UMA MULHER DO SÉCULO XX



Ela acordou de um sonho. No sonho ela pensou já haver sonhado.
Ela estava grávida- em seu ventre um monstro crescia. E ela sentia muito medo.

Ela era casada com um homem poderoso, autoritário, TIRÂNICO, que além dela, andava com mais nem sei quantas, mas ela era “a oficial”- a traída e amada de maneira obsessivamente negativa.

O casal, após férias na Inglaterra chega à mansão. Mas parece um castelo construído para a cinderela que não podia sair sequer passar do portão. Além dela, do marido, mordomo e empregados, sobem as escadas a prostituta e a gueixa do marido, duas mulheres lindas em sua frente.

Essa mulher calada se casou com um homem bastante violento, dominador, que impunha a espada, verberava pela casa quem mandava, mas ela observava tudo e juntava em sua cabecinha burra o aborrecimento do casamento que se transformou em mágoa.
Ela subia as escadas sabendo que cada mulher: a prostituta, a gueixa, a dissimulada, iriam para os seus quartos com medo. A ansiedade tomava conta do seu peito a cada degrau que pisava porque estava chegando a casa e sabia que o seu marido iria querer fazer sexo brutal e colocar o filme do ultra som do filho- um monstro- no vídeo.

É ela estava grávida de um monstro. Era um feto com dentes de baleia orca, com a cabeça e boca grande, pés pequenos e mãos tortas.

O marido entra em seu quarto, escancara a porta e diz:- Você escolheu a esperança, eu sei que está me traindo com ela, planejando sua fuga, mas eu não vou deixar que você vá. Você vai morrer aqui comigo e calada vai ver seu filho no vídeo, afinal não fiz meu filho sozinho. E agora eu quero te mostrar o que você guarda em seu ventre: O MEDO

Ela sente tanto medo que paralisa, treme, adoece. Calada ela vê o vídeo mais uma vez, e outra, e outra. O TIRÂNICO usa a culpa para mante- La presa em seu quarto, seu cativeiro.
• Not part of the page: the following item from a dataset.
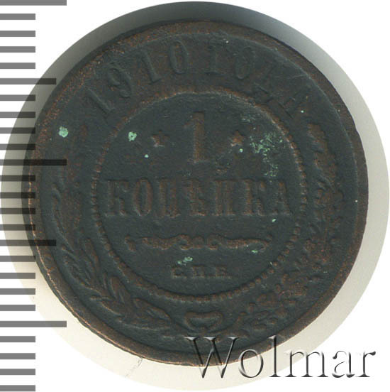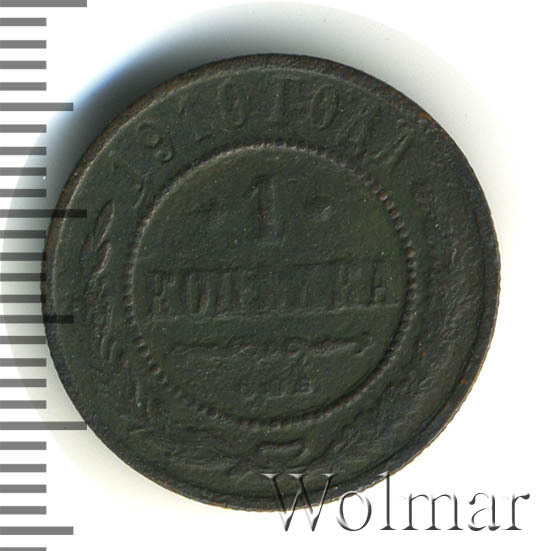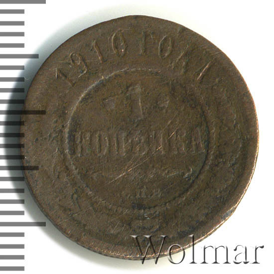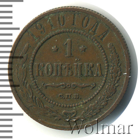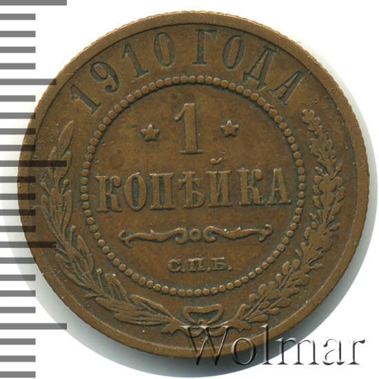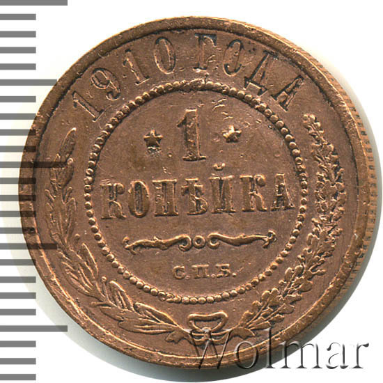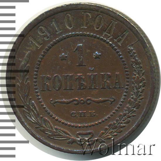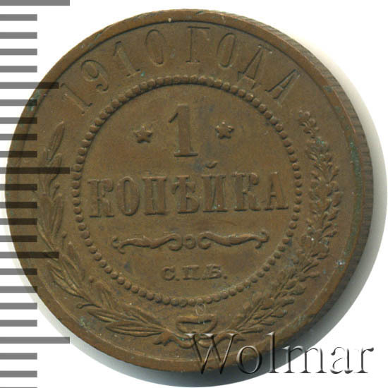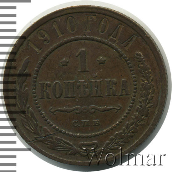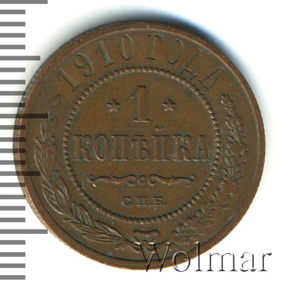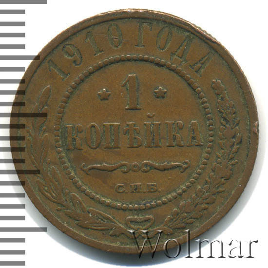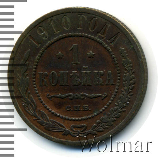 В центре указан номинал — цифра «1», ограниченная с обеих сторон звездочками. Под цифрой номинала — слово "КОПЕЙКА". Ниже, расположен декоративный разделитель в виде двух изогнутых линий и небольшой окружности между ними. Под разделителем — обозначение монетного двора «С.П.Б.». Центральная часть отделена от остального изображения, окружностью в виде точек. В верхней части полукругом углубленная надпись: "1910 ГОДА". Ниже этой надписи, вдоль канта, изображен венок из лавровой и дубовой ветвей, которые, в нижней части, перевязаны лентой на узел бантом.

Em um dia de sol insuportável ela abre a janela da sua caverna, seu quarto, e um passarinho bate no vidro. Ela se veste escova os dentes, e levanta da cama como se aqueles fossem os movimentos mais difíceis em sua vida, fora os da víbora em sua glote revirando, a ANGÚSTIA cantando...

Tem um insight... Abre a janela e deixa o VENTO entrar, enquanto ouve o gozo do marido nos quartos da puta e da gueixa, sem parar! O vento lhe sopra em sussurro:- Vá! E ela sai correndo de pavor do TIRÂNICO, da COBRA, do GOZO, mesmo ainda carregando O MEDO, seu feto, sua cria, seu espanto. Ela não se sente coitada- apenas para semblante A POSIÇÃO DE VÍTIMA ostenta.

Calça o tênis e corre. Já estava tão cansada do abuso e sofrimento que sai depressa da mansão- o dote. Vai para a estação de metrô pensando: "- Agora ele vai me matar se descobrir que eu não quero ter esse filho, esse monstro que vai sair de mim. Ele vai me bater tanto!". O TIRÂNICO queria mante- La cativa do MEDO.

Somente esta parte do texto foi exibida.